Kane blamed the violence entirely on the political opposition, saying it was “engaged in acts of terror” and calling the government response “restrained.” He accused the media of spreading a false narrative about Maduro wanting to be a dictator.

I can understand the allure that figures like Maduro and his predecessor Hugo Chávez have for idealistic people who would like to see the world become more fair and just. The problem is that the cascading series of laws, rules and regulations necessary to enforce that fairness inevitably meet opposition from not only sectors of society that stand to lose but also from the very ones who are meant to be lifted up. More critically, as we see in Venezuela, the burden of government control invariably translates into bad economics and a lower standard of living, which mostly afflicts the less well off. The standard ideological response is to blame a colonial past and poverty. The problem for that excuse in Venezuela’s case is that the country is blessed with oil wealth that has been controlled by its own government. Apologists are left to mutter about a period of low oil prices.

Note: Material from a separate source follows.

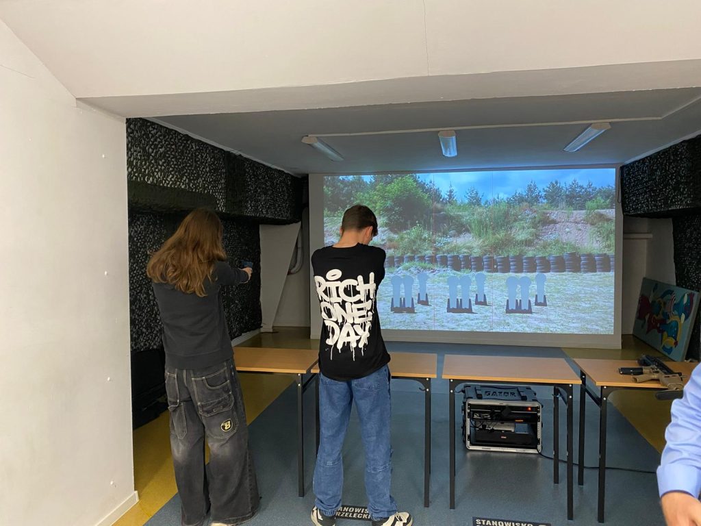 Uczniowie naszej szkoły mieli okazję odwiedzić wirtualną strzelnicę w Zespole Szkół im. Władysława Szybińskiego w Cieszynie. Po krótkim szkoleniu teoretycznym przyszła pora na część praktyczną – każdy mógł spróbować swoich sił w strzelaniu z karabinu i broni krótkiej w bezpiecznych, wirtualnych warunkach.
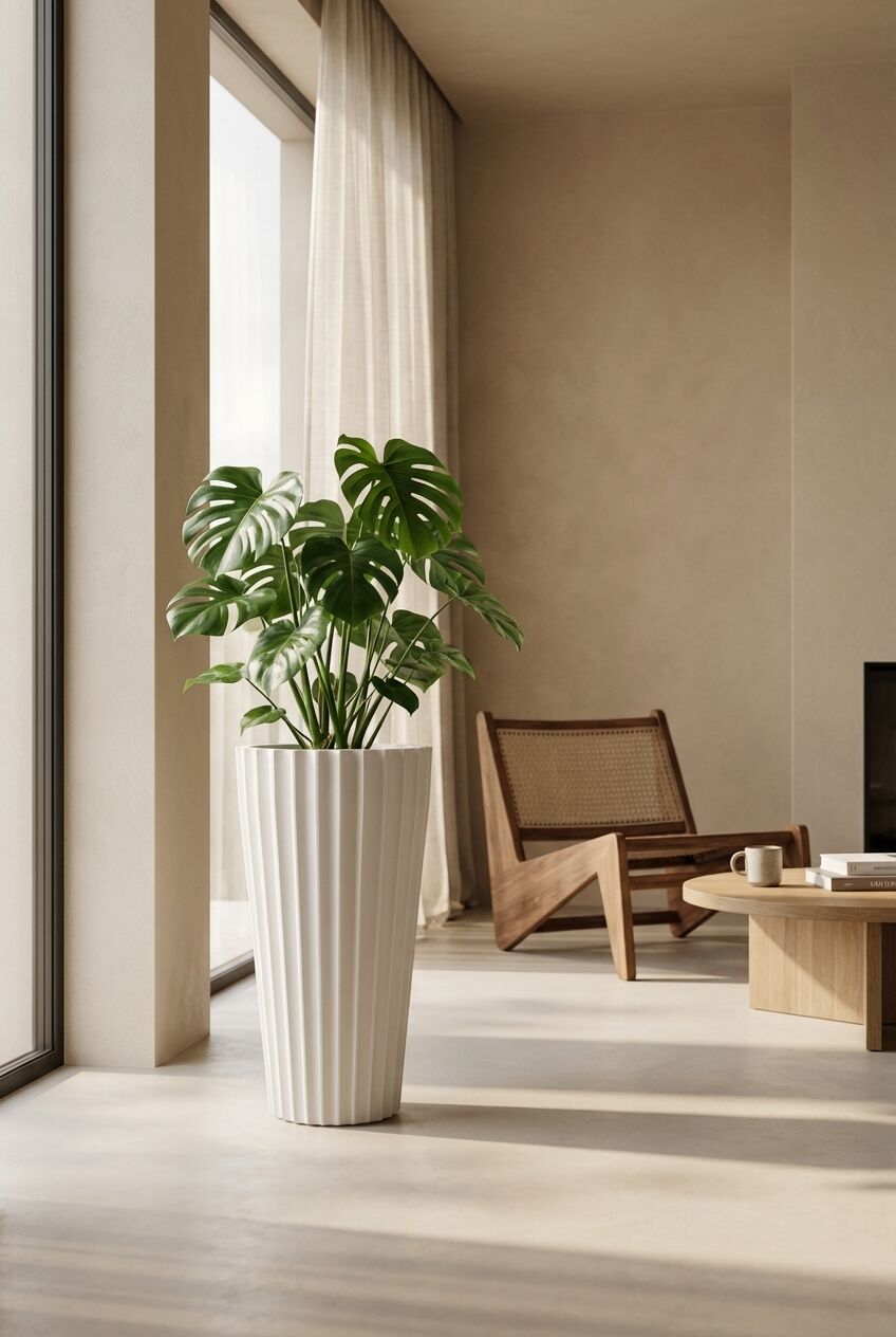 70 cm yüksekliği ve geniş ağız çapı sayesinde hem hacimli bitkiler hem de dekoratif ağaçlar için ideal kullanım sunar. Mekânda yalnızca bir saksı değil, doğrudan bir tasarım objesi gibi konumlanır.

Less understandable is why many, though by no means all, erstwhile admirers and defenders of Chávez and Maduro are so stubborn about conceding they made a mistake with their earlier praise. No one likes to advertise the fact they were wrong about something. That is only human nature. Still, it looks even worse to appear more concerned about your own ego than about people dying in the streets and about families suffering from economic deprivation for no good reason.

My guess is that the Corbyns of the world, along with the young starry-eyed idealists in the political trenches, will come around to condemning what’s happening in Venezuela—once they have found a way to rationalize an explanation that has nothing at all to do with the government-directed economic policies they themselves espouse.